▶ _Problem to solve_: The entries below contain pictures. Write out only the lines from the line with "По результатам конкурса, в" up to and including the line with "Great Nephew Christmas", exactly, without them.
[[ Data for the task open ]]
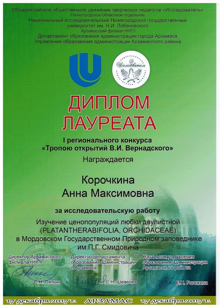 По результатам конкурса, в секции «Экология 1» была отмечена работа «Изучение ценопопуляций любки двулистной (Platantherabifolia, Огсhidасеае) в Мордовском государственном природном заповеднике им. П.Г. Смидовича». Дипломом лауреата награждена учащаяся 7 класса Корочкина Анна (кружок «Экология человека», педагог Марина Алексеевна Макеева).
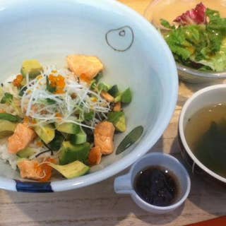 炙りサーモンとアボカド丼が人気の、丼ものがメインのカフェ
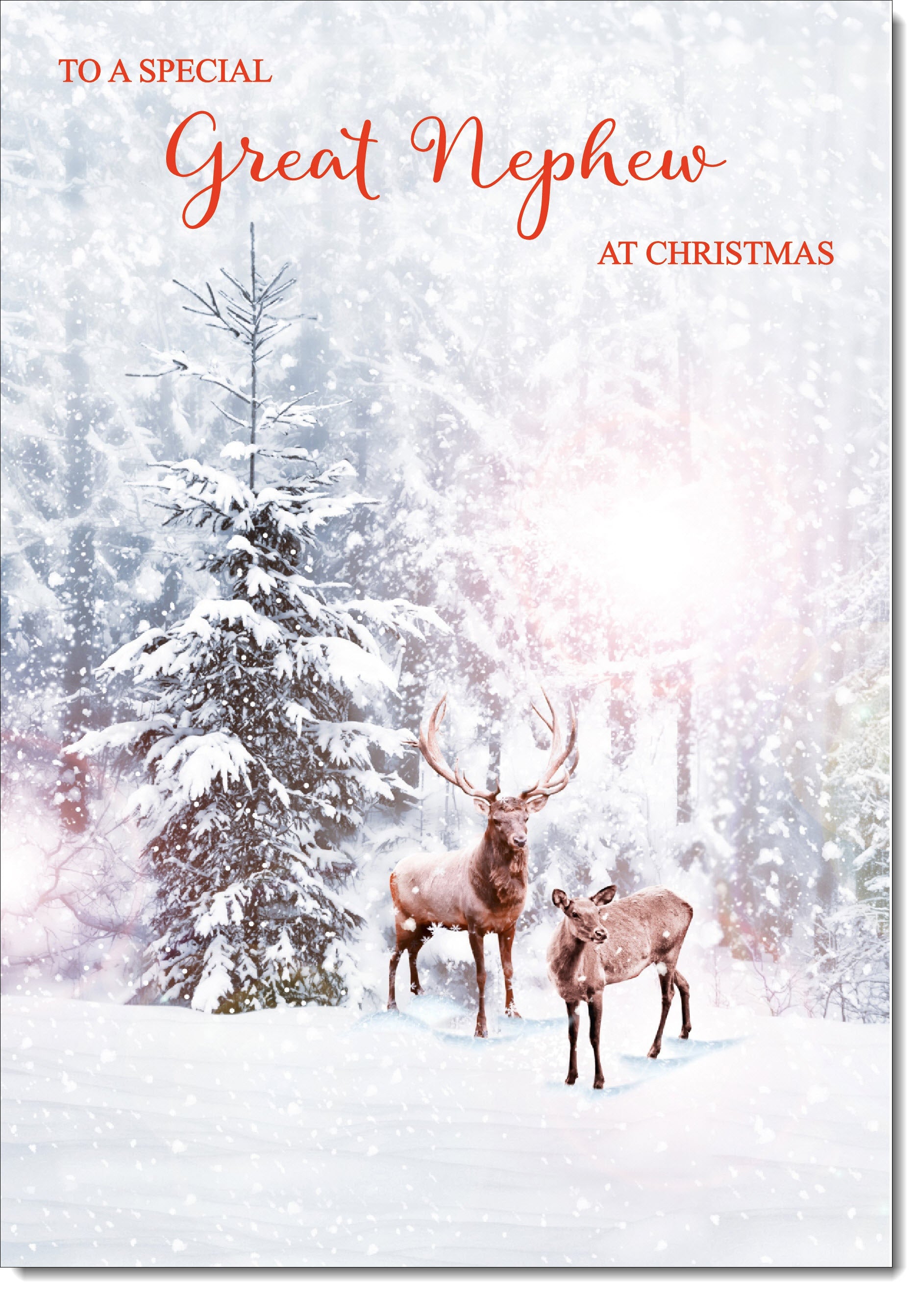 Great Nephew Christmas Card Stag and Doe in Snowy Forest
[[ Data for the task closed ]]
[[ Data for the task open ]]
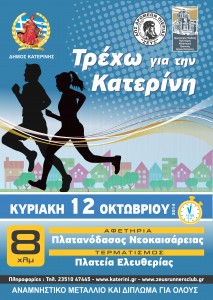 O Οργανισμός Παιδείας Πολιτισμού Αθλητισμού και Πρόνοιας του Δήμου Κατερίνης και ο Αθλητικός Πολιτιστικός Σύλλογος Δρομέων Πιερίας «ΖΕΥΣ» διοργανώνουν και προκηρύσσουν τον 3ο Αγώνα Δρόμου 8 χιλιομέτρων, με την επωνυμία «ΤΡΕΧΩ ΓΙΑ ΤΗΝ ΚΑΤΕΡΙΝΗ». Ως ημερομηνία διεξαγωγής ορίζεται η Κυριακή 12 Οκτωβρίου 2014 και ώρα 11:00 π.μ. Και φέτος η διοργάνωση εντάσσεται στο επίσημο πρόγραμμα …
[[ Data for the task closed ]]
▶ _Solved problem_:
 По результатам конкурса, в секции «Экология 1» была отмечена работа «Изучение ценопопуляций любки двулистной (Platantherabifolia, Огсhidасеае) в Мордовском государственном природном заповеднике им. П.Г. Смидовича». Дипломом лауреата награждена учащаяся 7 класса Корочкина Анна (кружок «Экология человека», педагог Марина Алексеевна Макеева).
 炙りサーモンとアボカド丼が人気の、丼ものがメインのカフェ
 Great Nephew Christmas Card Stag and Doe in Snowy Forest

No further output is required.